Still, despite a few problems here and there, this is a surprisingly well-done issue. It also manages to hit a deceptively difficult balance; it furthers plot points and revisits characters from the monthly Flash book, introduces some “new” Rogues into the mix, ties-into the main Forever Evil book without the connection feeling ham-fisted, and still somehow finds room to tell a compelling one-shot story about Gorilla Grodd! It’s too dark of an issue to call it fun—something I think we’ll be seeing a lot this month from DC—but I still enjoyed this issue a lot more than I expected to.
So Scott, what did you think of all these gorillas? Are you interested in Grodd’s newfound direction and introspection, or do you miss the old Grodd? Do you appreciate circling back to previous plot points, or does it feel like too much of a retread for you? Remember, you can’t get bored and hop off until you answer all the questions!

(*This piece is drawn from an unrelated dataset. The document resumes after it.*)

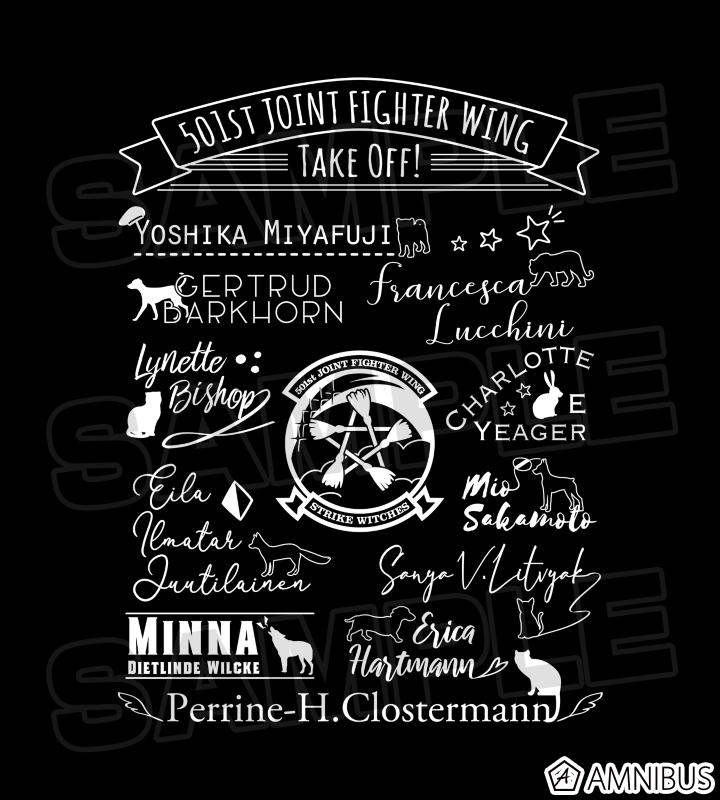 ウィッチの名前や使い魔のモチーフ、501部隊のロゴマークをレイアウトし、線画をメインとしたデザインで表現しました。

Scott: Boy, if only I could fly off and start anew anytime I get sick of my life. Who doesn’t want to pull a Grodd every now and then, am I right? But hey, we can’t all be hyper-intelligent, telepathic Gorilla Kings…
I am definitely relieved and excited about Grodd’s newfound direction at the end of the book. Despite offering a unique look into Grodd’s psyche, this issue mostly served to reinforce and amplify things we already knew about him. Turns out, he’s even more ruthless than I thought! Early in the issue, Grodd tells Solovar that his only responsibility is to the future of their race, but that quickly goes out the window once the gorillas start getting in the way of his real agenda. One of the most powerful and telling moments of the issue comes when Grodd shows just how far he’s willing to go to take down any and all who disagree with him.
Although Grodd “wins” this fight and gets every man and ape to kneel before him, it must have been a blow to his psyche to realize no one is on his side. I can’t help but wonder if part of his reason for leaving was because he felt so completely alone in his ideology. Even if you have absolute power, I imagine it would be boring to garner zero enthusiasm for all your big ideas. Evil as he is, Grodd just wants someone to “get” him. Maybe that contributes to the cute little existential crisis he has as he flies away.
I still think Grodd will need to change even more go be able to carry his own stories. Spencer, I agree that some of the plot points felt familiar, which only reminded me that, just like before, I’m still not on Grodd’s side. That’s not to say that can’t change, but in order to be a compelling title character, Grodd will need to display a little more humanity (or peaceful ape-manity?) This issue was clearly presented from Grodd’s POV, but I found myself latching onto anyone who might be able to get in his way, just because I dislike him so much. I suppose it’s possible to tell a story where you root against the main character the whole time, but it seems risky.
I have to say I’m impressed with this issue. Buccellato manages to tell a thoroughly entertaining story that draws from The Flash universe without using it as a crutch. Plus, I’m always up for a good ape-brawl, and Chris Batista did an excellent job stepping in as penciller and delivering fun and stylish art. Now I’m just hoping Grodd finds something interesting to do, though anything that’s fun for Grodd probably isn’t for anyone else.